# Breaking the Cycle of Posttraumatic Stress Disorder for High-Risk Perinatal Populations

> **NIH NIH K23** · INDIANA UNIVERSITY INDIANAPOLIS · 2024 · $140,835

## Abstract

Project Summary / Abstract
 The overall goal of this mentored career award is to establish my independent research career centered
on improving perinatal health outcomes for the most vulnerable. One untested, promising way to do so is to
examine how reduction in post-traumatic stress disorder (PTSD) symptoms experienced during pregnancy and
the postpartum period may affect subsequent health outcomes. PTSD is an under-recognized and untreated risk
factor for adverse perinatal health outcomes. Black women, and rural-dwelling women are often the most likely
to experience adverse perinatal outcomes, the highest rates of maternal and infant mortality, and increased risk
for trauma exposure and subsequent PTSD symptoms. Engaging pregnant and postpartum individuals in PTSD
treatment is critical as there are serious risks associated with untreated perinatal PTSD that often extend into
the next generation. Although evidence-based treatments exist for PTSD, clinical research on treatment for
perinatal PTSD is limited, with few studies sufficiently engaging Black women and none targeting rural-dwelling
women. Targeting perinatal PTSD in Black women, and rural-dwelling women presents a unique opportunity to
improve maternal health and eliminate health disparities.
 To address these gaps in the literature, I propose a randomized controlled pilot study (the New
Empowerment after eXposure to Trauma (NEXT) study). This study will evaluate the acceptability and feasibility
of a revised brief (6-week) virtual PTSD protocol (Narrative Exposure Therapy (NET)) targeting Black women
and rural-dwelling women. Training activities utilizing community engaged methods and qualitative data
collection will be used to tailor the protocol for maximal acceptability and uptake among Black, and rural-dwelling
women prior to the pilot trial. This pilot study will evaluate a revised NET protocol against a standard care control
condition.
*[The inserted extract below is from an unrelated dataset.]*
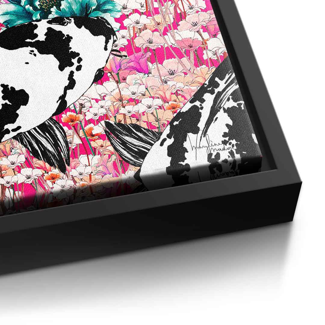 DOTCOMCANVAS® Premium Leinwandbild mit abstraktem Koi Fische und Blumen Motiv.

This will be the first rigorous evaluation of a brief perinatal PTSD protocol specifically tailored for Black
and rural-dwelling perinatal individuals, and results will be of high interest to local and national stakeholders.
 The proposed study will lay the foundation for an R01 application for an RCT designed and powered to
examine if reduction in PTSD symptoms can reduce likelihood of adverse perinatal outcomes in high-risk, under-
represented, vulnerable perinatal populations. This project is specifically designed to address my training goals
to develop expertise in: (1) participant-centered methodological approaches to increase recruitment and
engagement of minoritized populations; (2) health equity considerations for perinatal populations; and (3)
conducting rigorous clinical trials that improve healthcare in all groups of women. To complete these goals, I
have assembled an extraordinary mentorship team with expertise in perinatal populations, health equity,
academic community partnerships, qualitative data, and conducting clinical trials with...

## Key facts

- **NIH application ID:** 10949372
- **Project number:** 1K23HD115845-01
- **Recipient organization:** INDIANA UNIVERSITY INDIANAPOLIS
- **Principal Investigator:** Michelle Louise Miller
- **Activity code:** K23 (R01, R21, SBIR, etc.)
- **Funding institute:** NIH
- **Fiscal year:** 2024
- **Award amount:** $140,835
- **Award type:** 1
- **Project period:** 2024-08-01 → 2028-07-30

## Primary source

NIH RePORTER: https://reporter.nih.gov/project-details/10949372

## Citation

> US National Institutes of Health, RePORTER application 10949372, Breaking the Cycle of Posttraumatic Stress Disorder for High-Risk Perinatal Populations (1K23HD115845-01). Retrieved via AI Analytics 2026-05-25 from https://api.ai-analytics.org/grant/nih/10949372. Licensed CC0.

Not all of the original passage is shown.